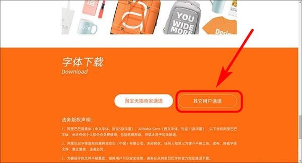 其中“淘寶天貓商家通道”是針對阿里巴巴商家的,大多數小伙伴只要點擊“其他用戶通道”,即可直接下載到字體文件。
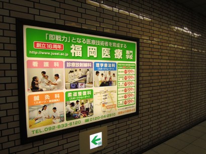 「西新駅」の地下道で見ることができる福岡医療専門学校の掲示です。
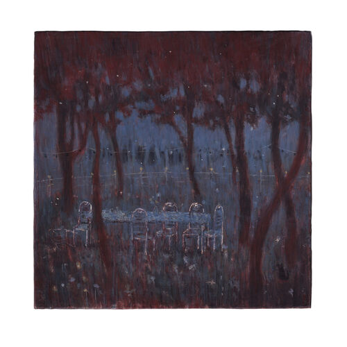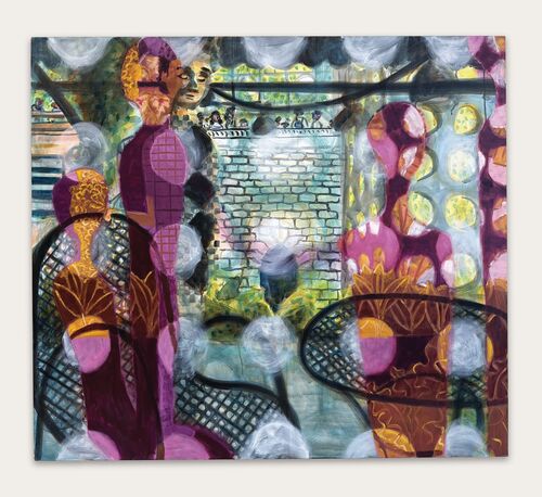 In Outdoor Dining (2025), for instance, Veldkamp sets a solitary figure with closed eyes in a vacant dining space, surrounded by empty chairs and tables. Light filters through a pattern evocative of breeze blocks, scattering circles across the surface, while translucent reddish silhouettes float in and out of focus. The result is a festive and melancholic atmosphere, where details shift between plants and ghostly presences, as if memory itself were slipping in and out of view.
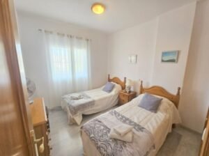 El salón-comedor es amplio y luminoso, ofreciendo un ambiente acogedor que se extiende hacia una terraza de aproximadamente diez m², donde podrás relajarte mientras disfrutas de fantásticas vistas al mar. Además, el edificio cuenta con amplias zonas de jardín y dos piscinas, perfectas para refrescarse en los días soleados.

-- WORK ORDER --
Copy out the whole listing word for word, except for any picture it includes.

-- REPLY TO THE EXERCISE --
 其中“淘寶天貓商家通道”是針對阿里巴巴商家的,大多數小伙伴只要點擊“其他用戶通道”,即可直接下載到字體文件。
 「西新駅」の地下道で見ることができる福岡医療専門学校の掲示です。
 In Outdoor Dining (2025), for instance, Veldkamp sets a solitary figure with closed eyes in a vacant dining space, surrounded by empty chairs and tables. Light filters through a pattern evocative of breeze blocks, scattering circles across the surface, while translucent reddish silhouettes float in and out of focus. The result is a festive and melancholic atmosphere, where details shift between plants and ghostly presences, as if memory itself were slipping in and out of view.
 El salón-comedor es amplio y luminoso, ofreciendo un ambiente acogedor que se extiende hacia una terraza de aproximadamente diez m², donde podrás relajarte mientras disfrutas de fantásticas vistas al mar. Además, el edificio cuenta con amplias zonas de jardín y dos piscinas, perfectas para refrescarse en los días soleados.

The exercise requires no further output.